The murels contained scenes of torturous violence, with the races on which they preyed bent in submission, fingers ripped off and dripping blood, pleas for mercy evident on the lips of those who knelt in subservience.

It all conspired to ennoble the beastmen, and denigrate the races beyond the border. Nua’s rage had begun to ebb, or at least subside, ‘They are insecure in their power, for all their wallowing in blood and pain, they are insecure. Nobody confident would need such absurd displays surrounding them at all times, even if it were intended to terrify the visiting tributes, it was pointless given all that had already been smelled, heard, seen, and done.’ This understanding drove Nua’s heart to her more common tranquility just as they reached the final room deep within the great palace.

To their surprise, there were only three figures present. A white liger easily twice as wide and a third taller than the champion Nua had bested, sat on a throne of stone. A red cape hung from a golden chain about his neck, and thick claws clicked on the stone armrest.

At his left and right stood his sons, two young males of impressive size, but obviously still just youths.

When they entered, the lionwomen escorts backed out and shut the door behind them, leaving them alone.

Sobella approached and prostrated herself. “I present myself to you, in the hopes that my life brings peace between our peoples for another year.”

Nua held back, her hands folded behind her, shoulder width apart, simply waiting.

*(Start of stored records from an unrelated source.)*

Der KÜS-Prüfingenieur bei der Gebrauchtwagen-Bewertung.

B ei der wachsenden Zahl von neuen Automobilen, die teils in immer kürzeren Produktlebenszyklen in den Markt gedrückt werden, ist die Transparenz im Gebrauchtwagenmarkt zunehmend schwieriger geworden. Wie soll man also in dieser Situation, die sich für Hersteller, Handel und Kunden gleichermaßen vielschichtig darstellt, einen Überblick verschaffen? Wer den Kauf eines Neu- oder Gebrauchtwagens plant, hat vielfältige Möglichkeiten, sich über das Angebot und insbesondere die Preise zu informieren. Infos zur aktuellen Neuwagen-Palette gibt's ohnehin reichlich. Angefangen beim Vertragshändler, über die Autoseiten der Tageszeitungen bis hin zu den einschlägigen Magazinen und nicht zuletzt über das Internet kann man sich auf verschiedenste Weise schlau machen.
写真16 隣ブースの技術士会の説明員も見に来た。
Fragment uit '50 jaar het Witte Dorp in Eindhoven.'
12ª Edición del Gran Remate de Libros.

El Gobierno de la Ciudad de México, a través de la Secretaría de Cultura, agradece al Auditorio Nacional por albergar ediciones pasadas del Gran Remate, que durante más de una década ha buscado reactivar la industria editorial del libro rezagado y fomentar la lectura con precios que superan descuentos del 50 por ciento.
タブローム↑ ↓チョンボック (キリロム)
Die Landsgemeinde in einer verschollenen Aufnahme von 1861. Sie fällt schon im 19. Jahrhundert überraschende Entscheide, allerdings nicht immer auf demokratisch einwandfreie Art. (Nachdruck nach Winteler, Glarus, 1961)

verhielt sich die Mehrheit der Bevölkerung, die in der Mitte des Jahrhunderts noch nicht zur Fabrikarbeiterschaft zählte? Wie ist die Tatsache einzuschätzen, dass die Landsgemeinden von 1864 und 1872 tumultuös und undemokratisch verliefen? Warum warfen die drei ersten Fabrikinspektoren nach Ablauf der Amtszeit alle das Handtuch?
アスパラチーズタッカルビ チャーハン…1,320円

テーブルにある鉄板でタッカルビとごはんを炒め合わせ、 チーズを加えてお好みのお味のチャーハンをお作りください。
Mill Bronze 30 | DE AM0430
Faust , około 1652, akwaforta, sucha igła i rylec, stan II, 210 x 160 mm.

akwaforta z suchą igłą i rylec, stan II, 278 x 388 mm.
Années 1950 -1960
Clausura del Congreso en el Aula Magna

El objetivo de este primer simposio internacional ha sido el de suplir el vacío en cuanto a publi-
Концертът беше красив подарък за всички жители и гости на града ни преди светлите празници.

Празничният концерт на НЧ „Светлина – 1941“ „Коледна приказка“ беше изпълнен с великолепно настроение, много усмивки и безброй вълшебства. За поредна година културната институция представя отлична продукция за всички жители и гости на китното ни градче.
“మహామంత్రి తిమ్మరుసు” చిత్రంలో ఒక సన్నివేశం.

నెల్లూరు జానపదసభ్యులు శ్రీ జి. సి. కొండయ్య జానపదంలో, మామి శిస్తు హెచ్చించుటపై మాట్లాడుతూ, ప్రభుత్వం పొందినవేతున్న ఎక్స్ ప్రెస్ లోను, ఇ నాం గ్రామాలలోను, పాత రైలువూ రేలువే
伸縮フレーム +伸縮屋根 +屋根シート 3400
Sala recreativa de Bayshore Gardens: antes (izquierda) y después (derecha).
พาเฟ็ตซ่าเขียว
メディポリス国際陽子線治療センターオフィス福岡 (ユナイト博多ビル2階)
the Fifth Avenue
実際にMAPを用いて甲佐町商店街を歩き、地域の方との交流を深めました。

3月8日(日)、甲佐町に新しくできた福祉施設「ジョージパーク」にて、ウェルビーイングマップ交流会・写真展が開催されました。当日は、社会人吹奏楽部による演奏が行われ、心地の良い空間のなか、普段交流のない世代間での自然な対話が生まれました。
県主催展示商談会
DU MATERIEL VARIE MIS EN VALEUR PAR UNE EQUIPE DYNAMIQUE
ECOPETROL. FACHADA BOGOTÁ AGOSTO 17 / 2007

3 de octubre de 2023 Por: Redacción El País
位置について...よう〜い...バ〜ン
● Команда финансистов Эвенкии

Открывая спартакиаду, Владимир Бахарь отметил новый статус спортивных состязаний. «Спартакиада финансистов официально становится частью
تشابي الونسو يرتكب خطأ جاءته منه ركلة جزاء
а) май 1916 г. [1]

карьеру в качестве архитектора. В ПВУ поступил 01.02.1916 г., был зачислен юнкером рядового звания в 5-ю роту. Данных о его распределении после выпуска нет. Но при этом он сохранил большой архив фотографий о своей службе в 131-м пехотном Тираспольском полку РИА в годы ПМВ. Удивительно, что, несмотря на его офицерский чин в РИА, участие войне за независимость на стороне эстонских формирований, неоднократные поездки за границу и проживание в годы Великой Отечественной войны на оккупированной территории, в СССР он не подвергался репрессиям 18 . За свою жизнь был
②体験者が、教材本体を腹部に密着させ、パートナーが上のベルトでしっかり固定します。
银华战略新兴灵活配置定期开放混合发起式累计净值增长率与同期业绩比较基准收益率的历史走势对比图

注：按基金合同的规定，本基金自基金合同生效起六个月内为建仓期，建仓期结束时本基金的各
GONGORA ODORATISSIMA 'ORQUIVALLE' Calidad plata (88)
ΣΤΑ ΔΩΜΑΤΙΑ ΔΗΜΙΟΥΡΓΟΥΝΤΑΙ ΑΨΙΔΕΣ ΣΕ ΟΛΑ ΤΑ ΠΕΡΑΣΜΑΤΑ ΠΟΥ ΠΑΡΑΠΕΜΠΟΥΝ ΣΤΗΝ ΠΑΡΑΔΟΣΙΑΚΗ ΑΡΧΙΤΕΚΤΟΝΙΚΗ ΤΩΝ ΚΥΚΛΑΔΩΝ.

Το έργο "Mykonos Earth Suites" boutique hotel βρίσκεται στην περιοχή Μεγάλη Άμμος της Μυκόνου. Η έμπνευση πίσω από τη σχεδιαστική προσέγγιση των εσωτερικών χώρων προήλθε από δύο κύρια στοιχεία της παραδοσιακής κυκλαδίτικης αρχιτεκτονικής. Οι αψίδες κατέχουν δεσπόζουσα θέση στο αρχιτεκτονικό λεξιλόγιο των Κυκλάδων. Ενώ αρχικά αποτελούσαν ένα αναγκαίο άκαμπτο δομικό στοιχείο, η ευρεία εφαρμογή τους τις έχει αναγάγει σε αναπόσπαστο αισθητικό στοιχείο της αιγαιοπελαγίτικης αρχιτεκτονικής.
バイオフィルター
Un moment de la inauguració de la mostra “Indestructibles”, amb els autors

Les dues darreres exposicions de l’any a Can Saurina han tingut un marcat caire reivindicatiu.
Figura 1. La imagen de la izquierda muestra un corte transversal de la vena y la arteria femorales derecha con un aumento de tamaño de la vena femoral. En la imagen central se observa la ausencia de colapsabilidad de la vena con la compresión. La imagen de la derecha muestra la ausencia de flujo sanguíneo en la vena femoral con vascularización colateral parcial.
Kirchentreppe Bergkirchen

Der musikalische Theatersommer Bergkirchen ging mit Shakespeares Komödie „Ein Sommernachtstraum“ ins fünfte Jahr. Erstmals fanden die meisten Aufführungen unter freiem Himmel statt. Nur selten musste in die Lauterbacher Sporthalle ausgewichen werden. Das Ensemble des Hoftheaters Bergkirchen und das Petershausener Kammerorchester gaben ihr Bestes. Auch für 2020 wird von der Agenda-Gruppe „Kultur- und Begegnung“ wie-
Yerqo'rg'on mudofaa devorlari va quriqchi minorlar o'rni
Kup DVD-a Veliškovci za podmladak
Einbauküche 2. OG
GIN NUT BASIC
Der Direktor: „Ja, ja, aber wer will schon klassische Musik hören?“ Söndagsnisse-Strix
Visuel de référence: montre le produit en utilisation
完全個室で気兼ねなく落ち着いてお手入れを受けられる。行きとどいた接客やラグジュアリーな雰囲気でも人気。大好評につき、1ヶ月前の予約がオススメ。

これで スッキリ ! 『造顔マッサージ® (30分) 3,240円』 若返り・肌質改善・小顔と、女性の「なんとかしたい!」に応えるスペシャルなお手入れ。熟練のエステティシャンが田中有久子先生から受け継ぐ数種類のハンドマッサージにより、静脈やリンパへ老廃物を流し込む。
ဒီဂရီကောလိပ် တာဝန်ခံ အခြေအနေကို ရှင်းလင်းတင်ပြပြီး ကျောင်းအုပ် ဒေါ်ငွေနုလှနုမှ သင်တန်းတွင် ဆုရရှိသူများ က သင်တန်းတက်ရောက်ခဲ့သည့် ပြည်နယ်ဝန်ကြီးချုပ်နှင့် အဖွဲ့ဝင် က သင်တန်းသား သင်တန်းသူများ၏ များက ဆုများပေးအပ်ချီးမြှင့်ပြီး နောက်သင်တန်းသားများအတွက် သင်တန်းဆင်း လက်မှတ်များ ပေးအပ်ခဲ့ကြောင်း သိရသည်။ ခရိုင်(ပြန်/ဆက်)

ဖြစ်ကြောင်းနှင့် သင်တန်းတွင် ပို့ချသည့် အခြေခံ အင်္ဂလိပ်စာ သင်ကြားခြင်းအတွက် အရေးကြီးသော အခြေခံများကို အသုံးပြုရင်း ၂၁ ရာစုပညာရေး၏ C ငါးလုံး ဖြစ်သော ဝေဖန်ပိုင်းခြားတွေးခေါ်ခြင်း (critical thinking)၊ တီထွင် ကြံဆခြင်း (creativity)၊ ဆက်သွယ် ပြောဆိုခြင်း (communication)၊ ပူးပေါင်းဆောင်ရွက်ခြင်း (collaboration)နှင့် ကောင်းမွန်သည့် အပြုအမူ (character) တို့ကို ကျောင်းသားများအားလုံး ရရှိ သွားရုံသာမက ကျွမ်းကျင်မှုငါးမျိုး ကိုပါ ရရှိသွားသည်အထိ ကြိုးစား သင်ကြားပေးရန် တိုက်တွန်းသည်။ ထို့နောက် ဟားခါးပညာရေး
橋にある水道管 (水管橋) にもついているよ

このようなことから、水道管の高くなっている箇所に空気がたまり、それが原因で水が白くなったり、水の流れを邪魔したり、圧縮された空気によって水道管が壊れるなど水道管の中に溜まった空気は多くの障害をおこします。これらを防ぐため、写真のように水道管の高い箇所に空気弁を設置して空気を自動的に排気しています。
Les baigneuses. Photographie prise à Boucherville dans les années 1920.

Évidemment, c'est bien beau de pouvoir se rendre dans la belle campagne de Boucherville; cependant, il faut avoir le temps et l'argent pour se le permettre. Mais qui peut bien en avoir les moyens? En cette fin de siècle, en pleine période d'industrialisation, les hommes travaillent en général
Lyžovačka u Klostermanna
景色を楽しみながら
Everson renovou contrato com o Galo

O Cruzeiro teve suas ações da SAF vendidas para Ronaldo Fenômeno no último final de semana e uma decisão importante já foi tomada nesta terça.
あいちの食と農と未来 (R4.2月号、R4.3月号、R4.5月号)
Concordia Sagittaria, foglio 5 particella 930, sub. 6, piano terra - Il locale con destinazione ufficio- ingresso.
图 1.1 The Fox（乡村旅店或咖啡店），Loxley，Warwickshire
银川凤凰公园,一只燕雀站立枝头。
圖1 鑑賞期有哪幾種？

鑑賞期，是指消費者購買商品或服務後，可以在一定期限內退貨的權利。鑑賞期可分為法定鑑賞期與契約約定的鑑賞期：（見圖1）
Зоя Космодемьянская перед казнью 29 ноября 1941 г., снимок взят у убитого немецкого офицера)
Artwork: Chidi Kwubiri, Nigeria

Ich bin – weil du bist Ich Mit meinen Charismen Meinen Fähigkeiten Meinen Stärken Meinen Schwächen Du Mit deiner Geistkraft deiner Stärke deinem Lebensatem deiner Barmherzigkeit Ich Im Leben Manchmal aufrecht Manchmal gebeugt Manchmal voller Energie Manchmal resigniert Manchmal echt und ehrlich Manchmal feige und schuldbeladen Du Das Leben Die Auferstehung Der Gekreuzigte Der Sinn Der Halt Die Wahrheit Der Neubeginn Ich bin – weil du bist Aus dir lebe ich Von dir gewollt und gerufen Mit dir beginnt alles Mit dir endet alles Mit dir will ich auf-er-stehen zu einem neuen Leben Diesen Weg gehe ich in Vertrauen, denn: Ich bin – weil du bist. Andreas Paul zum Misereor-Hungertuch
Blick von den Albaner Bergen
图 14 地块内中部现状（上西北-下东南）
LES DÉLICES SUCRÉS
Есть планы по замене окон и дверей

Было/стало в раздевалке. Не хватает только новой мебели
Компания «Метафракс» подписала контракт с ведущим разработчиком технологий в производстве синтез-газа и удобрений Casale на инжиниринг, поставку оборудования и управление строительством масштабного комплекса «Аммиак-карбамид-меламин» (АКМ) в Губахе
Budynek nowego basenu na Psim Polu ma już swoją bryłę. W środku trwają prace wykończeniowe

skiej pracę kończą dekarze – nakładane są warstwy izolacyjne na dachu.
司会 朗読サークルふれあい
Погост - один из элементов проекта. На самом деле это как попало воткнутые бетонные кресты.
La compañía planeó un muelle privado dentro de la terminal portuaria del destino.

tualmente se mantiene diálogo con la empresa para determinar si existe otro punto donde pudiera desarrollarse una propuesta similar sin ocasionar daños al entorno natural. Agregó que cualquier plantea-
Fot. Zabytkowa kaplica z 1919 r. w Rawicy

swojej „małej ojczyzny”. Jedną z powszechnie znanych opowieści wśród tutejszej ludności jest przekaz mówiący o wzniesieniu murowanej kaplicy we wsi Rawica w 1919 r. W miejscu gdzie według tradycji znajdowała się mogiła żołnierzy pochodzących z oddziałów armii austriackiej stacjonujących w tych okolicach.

“And that?” He asked, gesturing to Nua.

“My escort, to ensure my safe arrival, God-Emperor of the beastmen.” Sobella said softly, “She who will remain with me, to bear witness to my death.”

“I see.” The ligerman looked them both over, and licked his furry maw.

“There is… one thing, great God-Emperor.” Sobella said with quiet dignity in her patient words, “I know it is common for you to consume all or part of an escort… merely because you can do so. But this once, I beg you to relent…”

Three sets of eyes furrowed tight, “Why, meat?”

Nua waited patiently, readying herself to fight and taking in the surrounding area she might use to her advantage.

“Because, God-Emperor, if you refuse, your ceremony will be ruined.” Sobella answered, and before any questions could be asked, Sobella drew Nua’s knife from beneath her shirt, and put it to her own throat. Each of the three beastmen looked briefly confused about just what to do when the tribute took itself hostage. “Give my escort the gift of life! And I will give you my glorious death! Refuse… and find your power tainted in your very throne room!” She put the serrated edge against her throat, holding it so tight that a drop of blood ran away from the body to drip down the blade. She held the handle with both hands, and met their hungry looks with defiance.

“Your answer, God-Emperor… I need it quickly, or I will ruin everything…” Sobella answered the silent look and slipped the curve of the blade against her throat, ready to spill out her life without hesitation.